## Setup

```
conda create -p ./penv python=3.11 -y
conda activate ./penv
pip install torch==2.5.1 torchvision==0.20.1 --index-url https://download.pytorch.org/whl/cu118
pip install -r requirements.txt
pip install vllm==0.8.5 # added this later for mistral, annoying
```

## Sample command

```
python src/inference.py \
    --solver_model_name Qwen/Qwen3-0.6B \
    --verifier_model_name Qwen/Qwen3-0.6B \
    --dataset_name gsm \
    --dataset_subset_ratio 0.01 \
    --output_dir result
```

## Custom Problem Generators

2/3SAT, 4x4 or 9x9 Sudoku, and variable sized square matrix multiplication datasets can be generated on the fly. In `--data_generation_kwargs`, you should always provide every CLI argument in the data generation script (except `output_path`) in the order they appear in the data generation script for the best caching behavior.
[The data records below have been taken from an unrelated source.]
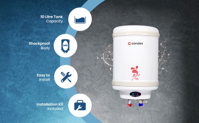 Device Protection Plan AddedCandes Perfecto, 10 litres, 2000 Watts, Storage Water Geyser, 5 Star Rating, Ivory
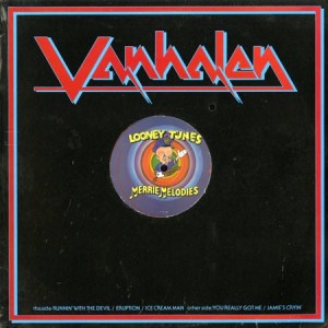 The other item is a sealed (!) promo only Looney Tunes Merrie Melodies 12″ single in a custom die-cut sleeve with five tracks from the first record -“Runnin’ With The Devil”, “Eruption”, “Ice Cream Man”, “YOu Really Got Me” and “Jamie’s Cryin'”. Oh, and it’s on red vinyl. Yep. Jacket has some issues – a corner crease visible when looking at the back of the jacket, a top right crease due to shrink pull and a small bottom right corner dent. So, definitely not perfect, but also not all that bad. And again, it sealed and found here (and price dropped to $75 due to the jacket stuff)…http://www.musicstack.com/item/327848143.
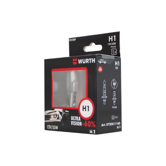 Ultra vision +60% е нов етап в развитието на линията халогенни крушки Wurth, предназначени за активни шофьори, които се грижат за собствената си безопасност, както и за тази на другите участници в движението. По-силната светлина на крушката е осигурена от новия дизайн на нажежаемата жичка, както и този на сребристия връх на крушката (при H4 и H7). Всичко това, окомплектовано с новия дизайн на опаковката, правят Ultra vision много привлекателен в програмата на Wurth за крушки за фарове за превозни средства с 12V инсталации.
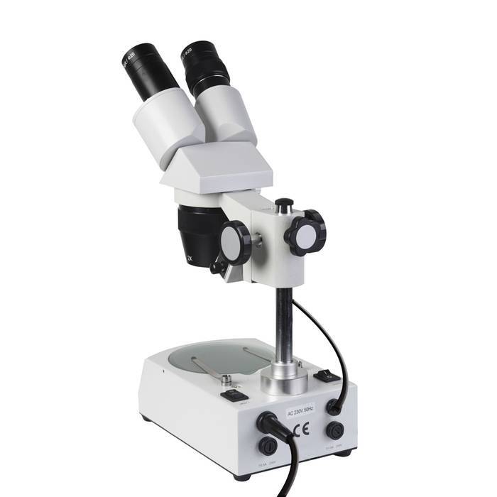 - Микроскоп имеет два фиксированных увеличения 20х/40х.
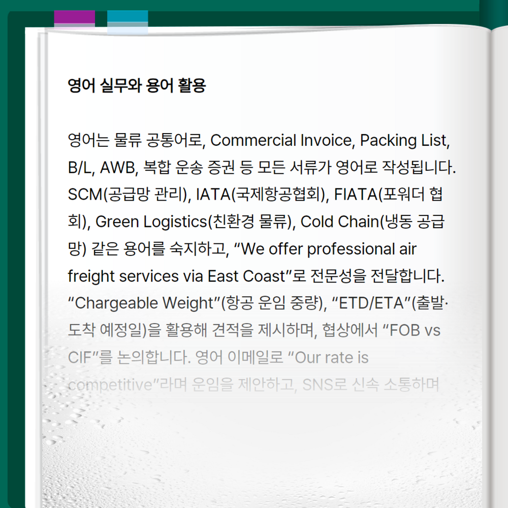 영어는 물류 공통어로, Commercial Invoice, Packing List, B/L, AWB, 복합 운송 증권 등 모든 서류가 영어로 작성됩니다. SCM(공급망 관리), IATA(국제항공협회), FIATA(포워더 협회), Green Logistics(친환경 물류), Cold Chain(냉동 공급망) 같은 용어를 숙지하고, “We offer professional air freight services via East Coast”로 전문성을 전달합니다. “Chargeable Weight”(항공 운임 중량), “ETD/ETA”(출발·도착 예정일)을 활용해 견적을 제시하며, 협상에서 “FOB vs CIF”를 논의합니다. 영어 이메일로 “Our rate is competitive”라며 운임을 제안하고, SNS로 신속 소통하며 화주와 신뢰를 쌓습니다.
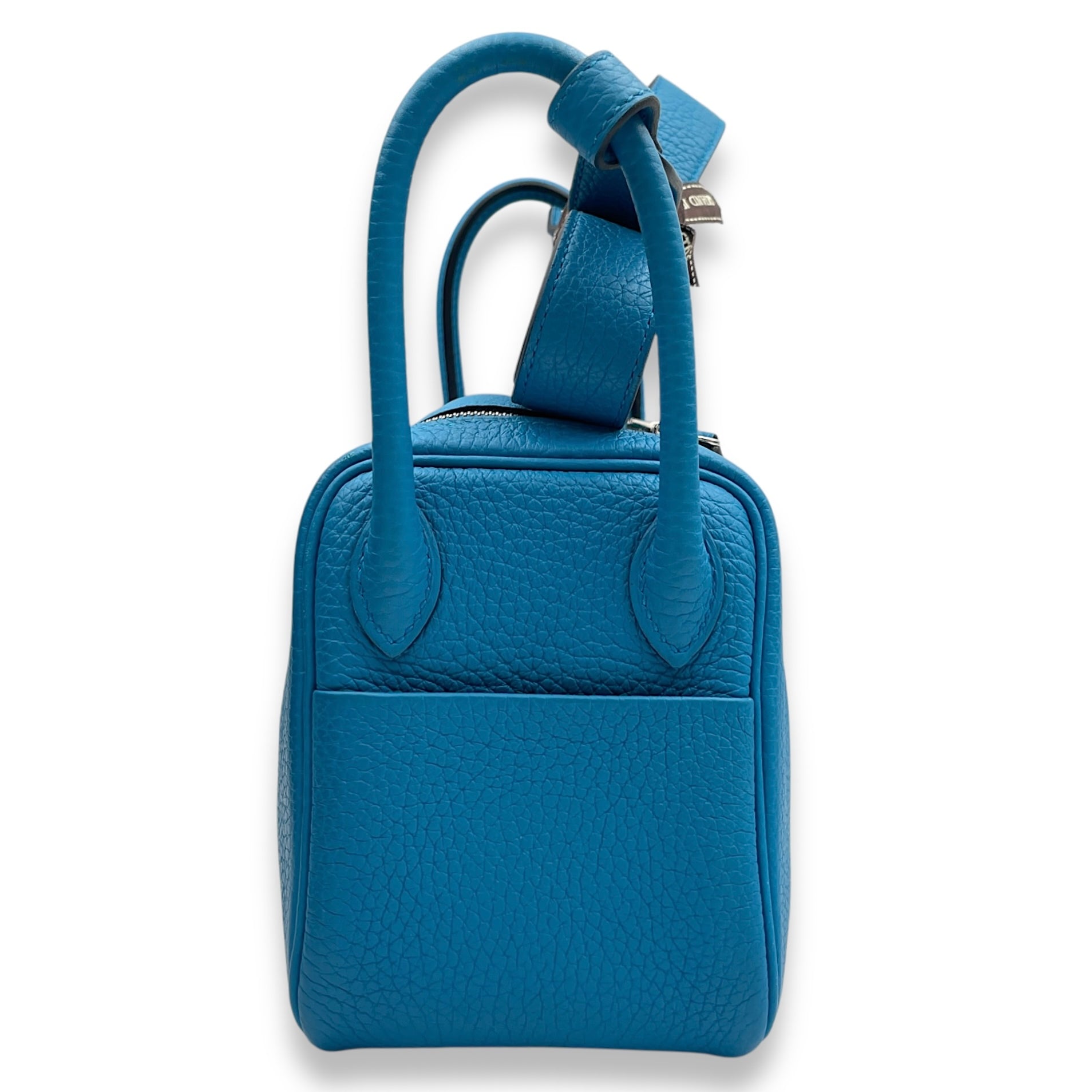 • (Purely handmade customization, 10-15 days construction period) HermèsLindy Mini Blue Frida in Clemence, Palladium hardware
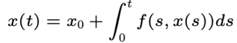 이와 같은 경우, 아래와 같은 적분식으로 표현이 가능하며 해당 적분식은 x(t) = x(t,x0, t0)의 해를 갖는다.
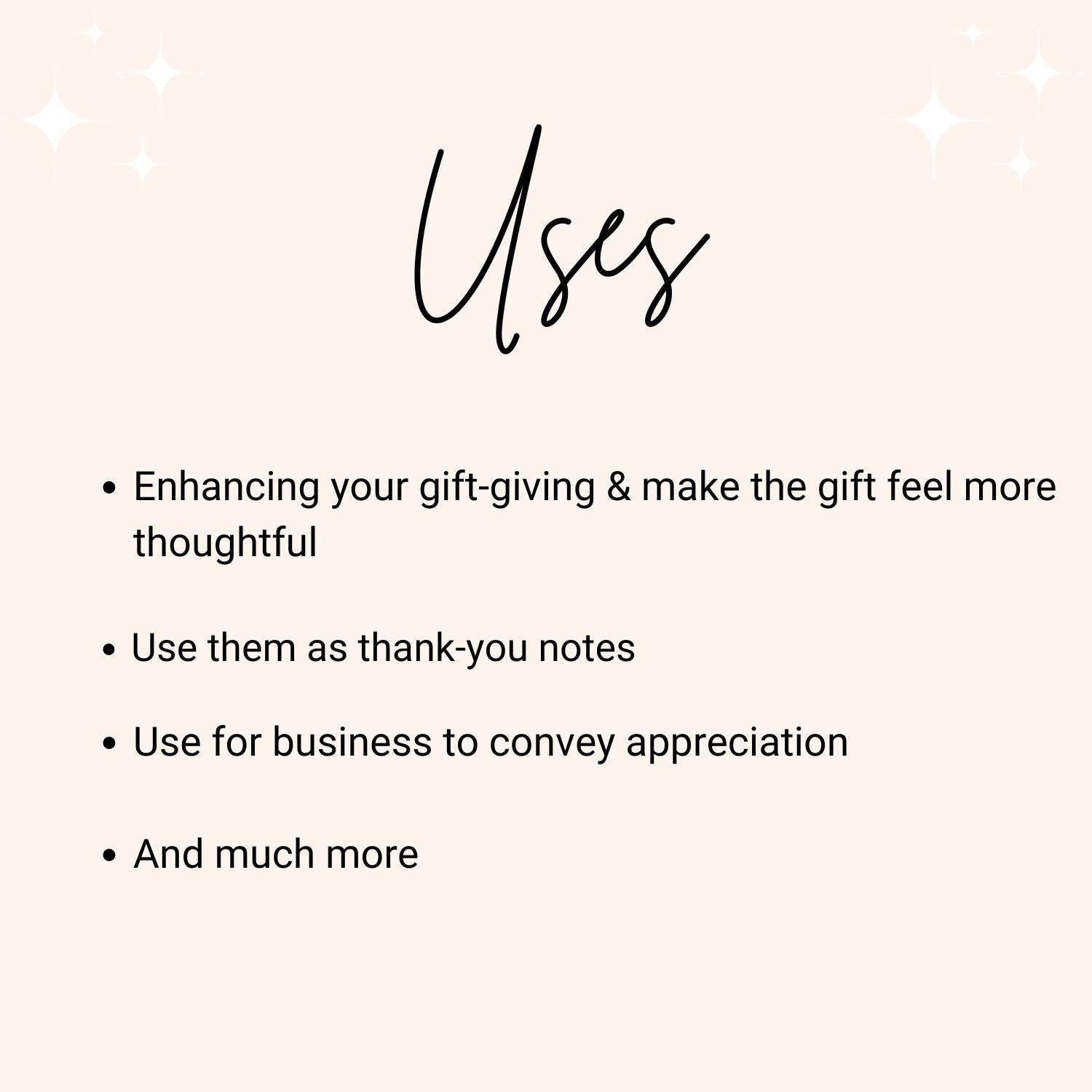 Make your gift-giving more special with an enclosure card or sticker, adding a thoughtful and meaningful touch. Personalize it with a handwritten note or message to accompany gifts, invitations, or greetings. Ideal for thank-you notes, holiday wishes, or celebrations, they’re a versatile addition to any stationery collection.
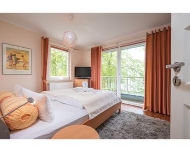 Das Hauptschlafzimmer bietet ein gemütliches Doppelbett, einen modernen Kleiderschrank und Zugang zum Balkon – damit Du den ersten Kaffee gleich mit Meeresluft genießen kannst.
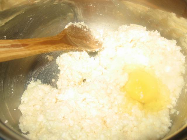 Творог перетрём с сахаром, лучше конечно протереть его сквозь сито, но сегодня не было на это времени.
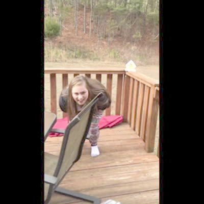 A woman swings a bat to hit a gingerbread house but misses and hits the railing on a deck. She swings the bat again to break the gingerbread house.
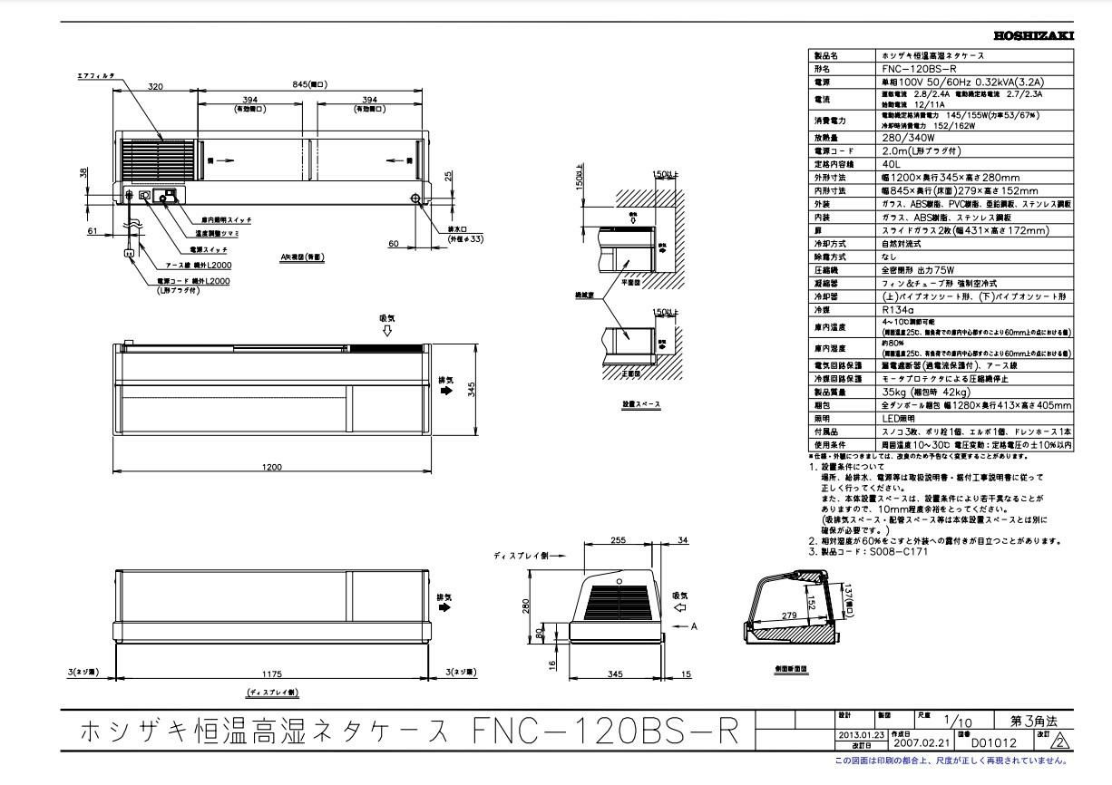 商品名:恒温高湿ネタケース FNC-120BS-R 幅1200×奥行345×高さ280(mm) 単相100
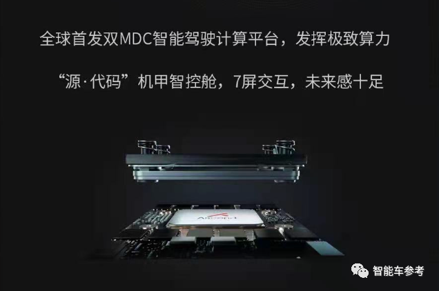 算力芯片,配备华为首发的双MDC智能驾驶计算平台,算力可以达到400TOPS。
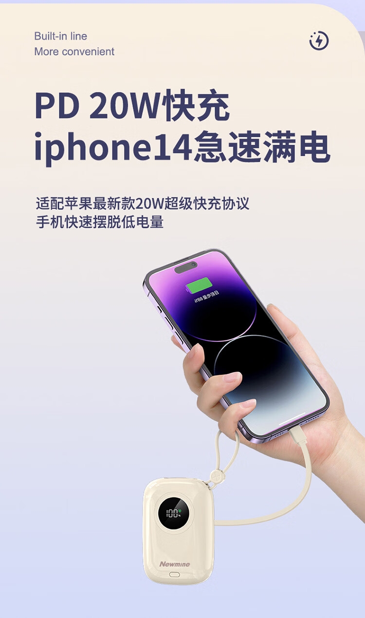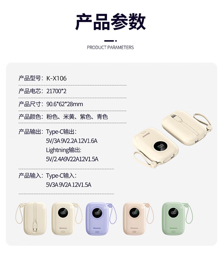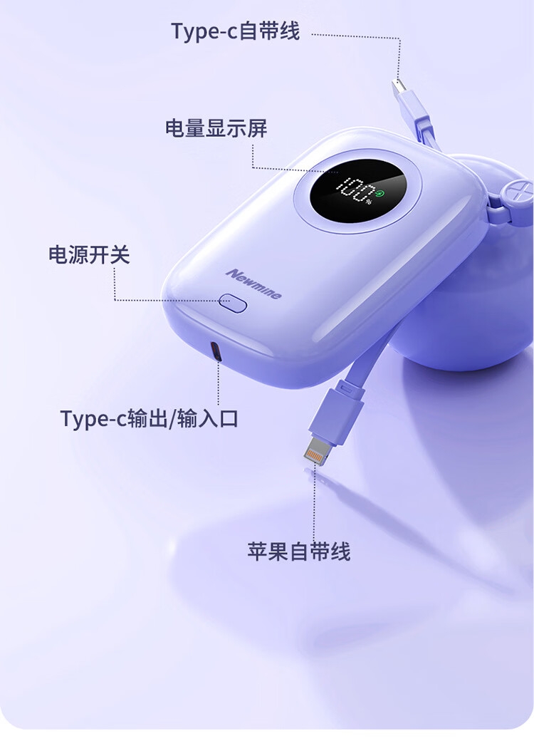 纽曼 3C充电宝自带线小巧便携式X-106

Examples:
```
# SAT
python src/inference.py \
    --solver_model_name Qwen/Qwen3-0.6B \
    --verifier_model_name Qwen/Qwen3-0.6B \
    --dataset_name sat \
    --dataset_subset_ratio 0.1 \
    --data_generation_kwargs "sat_type=2,num_samples=100,min_vars=2,max_vars=8,min_clauses=2,max_clauses=8,seed=42" \
    --output_dir result

# Sudoku
python src/inference.py \
    --solver_model_name Qwen/Qwen3-0.6B \
    --verifier_model_name Qwen/Qwen3-0.6B \
    --dataset_name sudoku \
    --dataset_subset_ratio 0.1 \
    --data_generation_kwargs "size=4,num_samples=100,min_empty=4,max_empty=8,seed=42" \
    --output_dir result

# Matmul
python src/inference.py \
    --solver_model_name Qwen/Qwen3-0.6B \
    --verifier_model_name Qwen/Qwen3-0.6B \
    --dataset_name matmul \
    --dataset_subset_ratio 0.1 \
    --data_generation_kwargs "size=5,num_samples=100,min_val=-5,max_val=5,seed=42" \
    --output_dir result
```

## Cache System

All solver outputs are automatically cached and loaded with no extra CLI arguments! But you can disable loading or saving cache if you want. I think (hope) the cache system is very robust. Whenever you add a dataset or change any argument affecting solver outputs, you should run a `--no_verify` run to populate the cache, then all future verification can be ran very fast.